Which composers used math to write their music? If any.


----------



## Klavierspieler (Jul 16, 2011)

I believe Xenakis did.


----------



## PetrB (Feb 28, 2012)

Oh, please. It would be far more interesting to know of mathematicians who used music to reach new creative heights in the realms of maths.

Iannis Xenakis uses(ed) mathematical formulae and concepts as a basis for his musical structures, as a template for a kind of music, series of events and gestures. Be assured that the ear still made the final choices, and not numbers.

Bartok played with the Golden Section ratio, as in number of bars in a piece and where material changed - though since music is a temporal and linear art there is no longer a 'rectangle' but a linear series of related length ratios....


----------



## violadude (May 2, 2011)

All of them.


----------



## Toddlertoddy (Sep 17, 2011)

PetrB said:


> Bartok played with the Golden Section ratio, as in number of bars in a piece and where material changed - though since music is a temporal and linear art there is no longer a 'rectangle' but a linear series of related length ratios....

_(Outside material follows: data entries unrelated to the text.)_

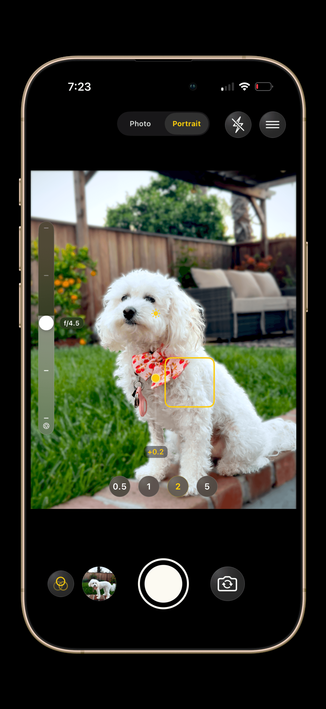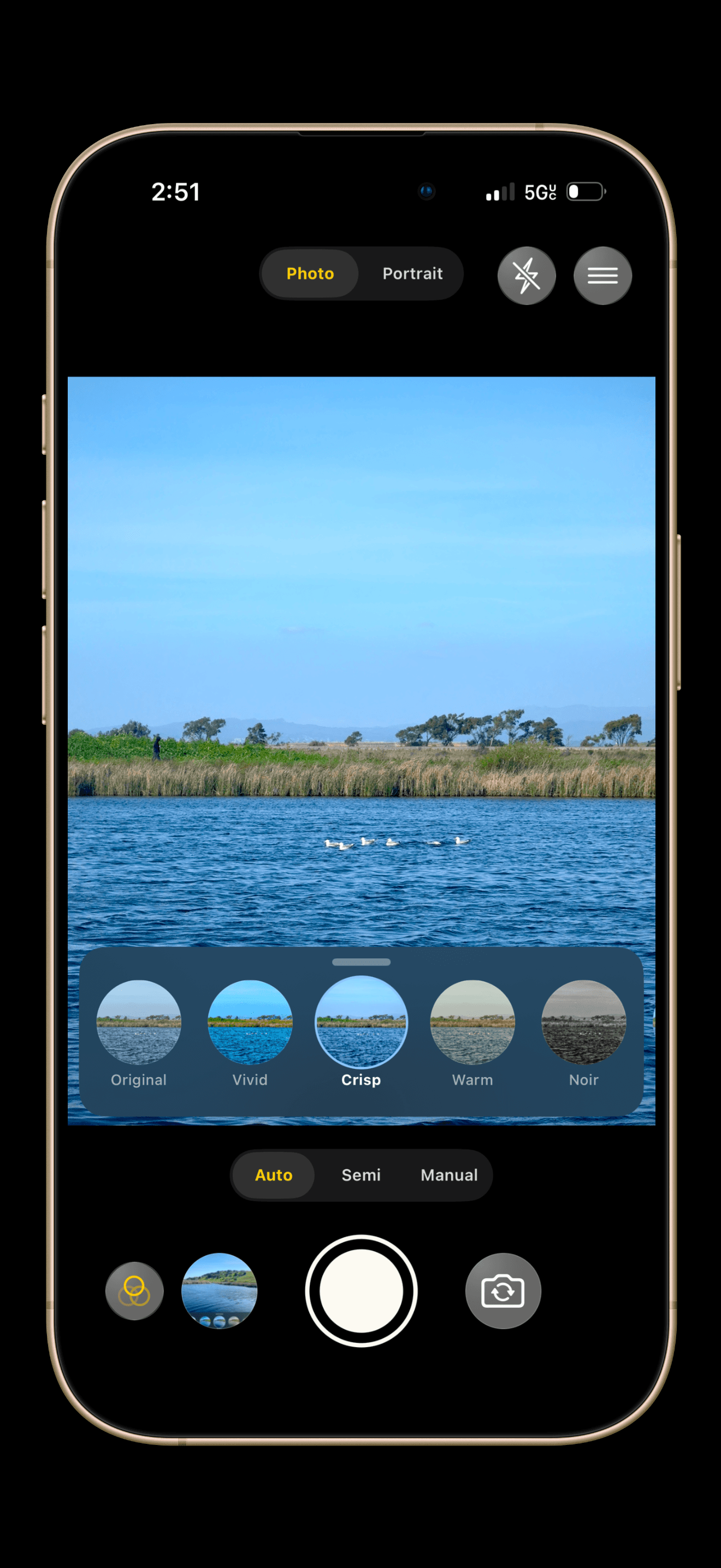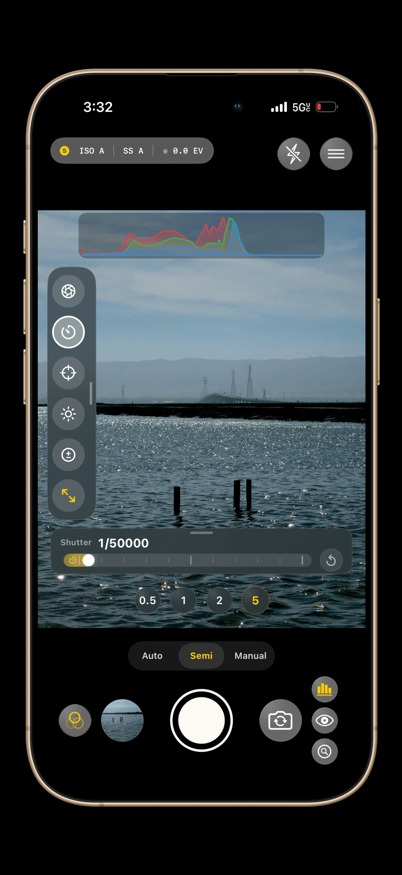 Zoom Pills: Quick-jump buttons (0.5x, 1x, 2x, 5x) sit above the shutter.
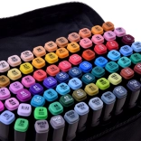 Elke marker heeft twee punten – een fijne van 1–2 mm voor details en lijnen en een afgeschuinde van 3–6 mm voor het inkleuren van grotere vlakken en voor kalligrafie. De set is geschikt voor beginners én gevorderden: van school- en hobbytekenen via productontwerp, manga en illustratie tot architectuurschetsen. Het compacte textielen etui met ritssluiting houdt alles overzichtelijk bij elkaar en maakt gemakkelijk meenemen mogelijk.
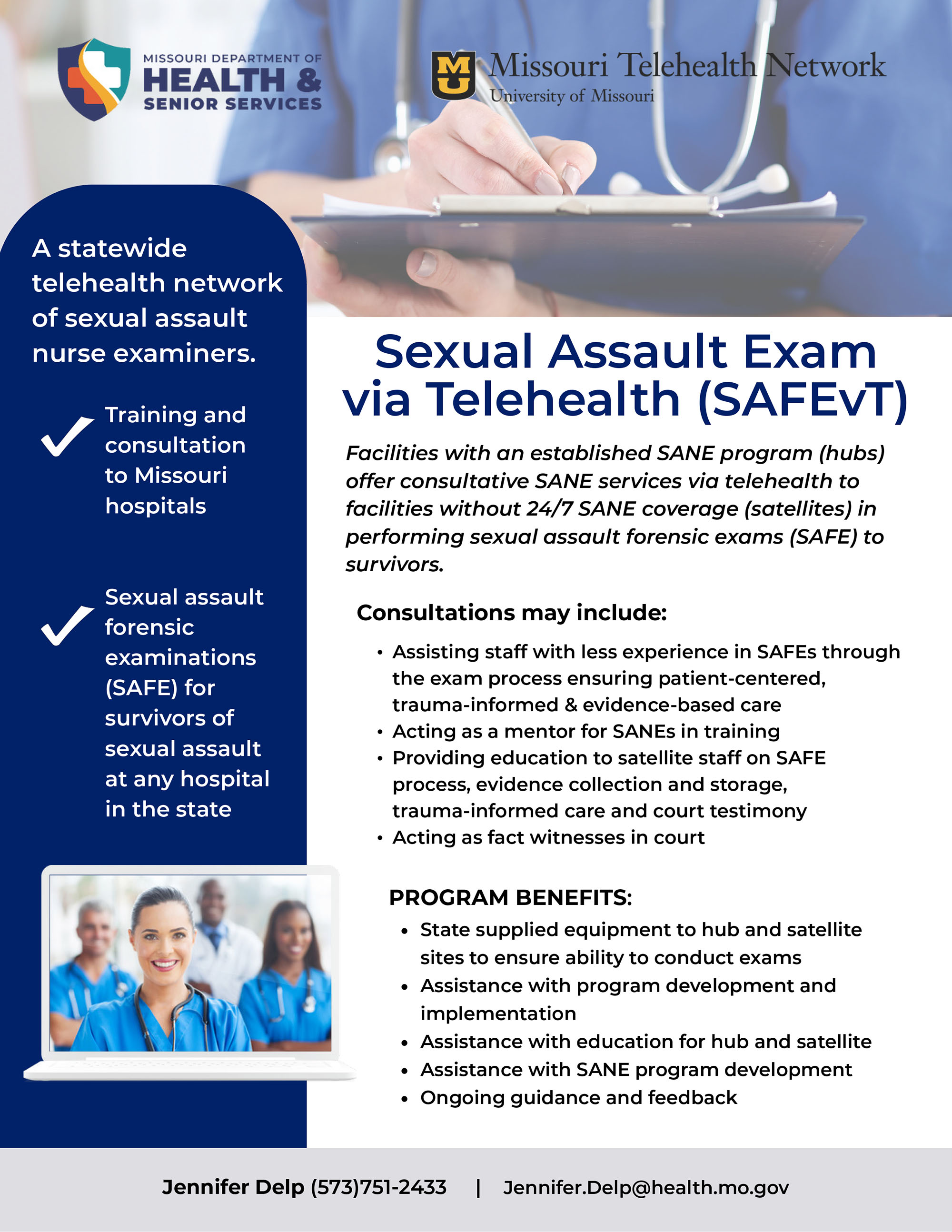 MTN and the Missouri Department of Health and Senior Services, Women’s Health Division, will create a statewide teleSANE network, virtual SANE training modules, and a SANE ECHO to increase the number of SANE nurses and to increase survivor access to necessary services.
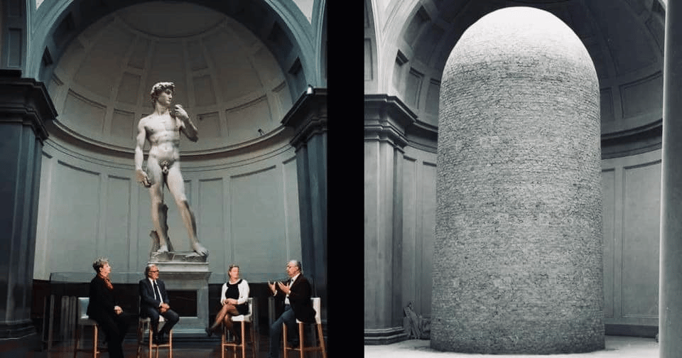 C. WWII threatened Michelangelo's David, located in Florence, Italy. Because the 17-foot marble statue was too massive to be relocated, it was encased in a custom brick "hive" in 1943 to protect it from air raid bomb damage. When the brick enclosure was carefully dismantled in 1945, the statue emerged dusty but unharmed.

Bartok also played with the Fibonacci sequence in the third movement of his Music for Strings, Percussion, and Celesta


----------



## BurningDesire (Jul 15, 2012)

Toddlertoddy said:


> Bartok also played with the Fibonacci sequence in the third movement of his Music for Strings, Percussion, and Celesta


And the first movement is heavily based in the idea of the golden ratio. Its overall form is such a ratio. The overall form is a golden ratio, and each of its sections within it are also golden ratios. Its also very pretty. ^_^


----------



## mmsbls (Mar 6, 2011)

PetrB said:


> Oh, please. It would be far more interesting to know of mathematicians who used music to reach new creative heights in the realms of maths.

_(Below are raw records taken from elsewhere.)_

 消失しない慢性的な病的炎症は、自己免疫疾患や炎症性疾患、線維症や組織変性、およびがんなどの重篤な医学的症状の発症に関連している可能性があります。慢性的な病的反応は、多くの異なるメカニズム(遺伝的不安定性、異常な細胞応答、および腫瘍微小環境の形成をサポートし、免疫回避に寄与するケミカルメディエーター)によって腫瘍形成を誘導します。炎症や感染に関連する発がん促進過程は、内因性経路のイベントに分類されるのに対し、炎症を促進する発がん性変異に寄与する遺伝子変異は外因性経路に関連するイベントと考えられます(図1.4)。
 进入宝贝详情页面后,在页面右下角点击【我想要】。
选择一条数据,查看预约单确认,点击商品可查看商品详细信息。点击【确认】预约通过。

I'm not sure I understand your comment. Do you mean it would be more interesting because it's almost impossible to imagine mathematicians using music to develop new math whereas it's easy to imagine musicians using math to create new music?



PetrB said:


> Iannis Xenakis uses(ed) mathematical formulae and concepts as a basis for his musical structures, as a template for a kind of music, series of events and gestures. Be assured that the ear still made the final choices, and not numbers.

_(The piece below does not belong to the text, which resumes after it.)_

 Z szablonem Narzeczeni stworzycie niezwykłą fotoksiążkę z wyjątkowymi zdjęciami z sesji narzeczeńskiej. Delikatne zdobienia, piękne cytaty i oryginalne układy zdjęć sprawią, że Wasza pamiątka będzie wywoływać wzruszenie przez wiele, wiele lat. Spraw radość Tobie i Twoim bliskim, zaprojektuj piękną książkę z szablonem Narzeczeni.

Do you know if this is true? I have read several rather detailed studies of some of Xenakis' works. In those studies the authors describe the composition process as involving math (and sometimes physics) dictating the music. In several cases he apparently used random number generators. I was never clear if he used the math and physics as a first pass for the music and later modified the music based on his ear. I was under the impression that he did not.

I personally felt that using math (or physics) could be interesting but only if the composer iterated the process to better understand how to use the math better (i.e. to create music that more closely matched the composers desires). I have never known if Xenakis or others did anything along those lines.


----------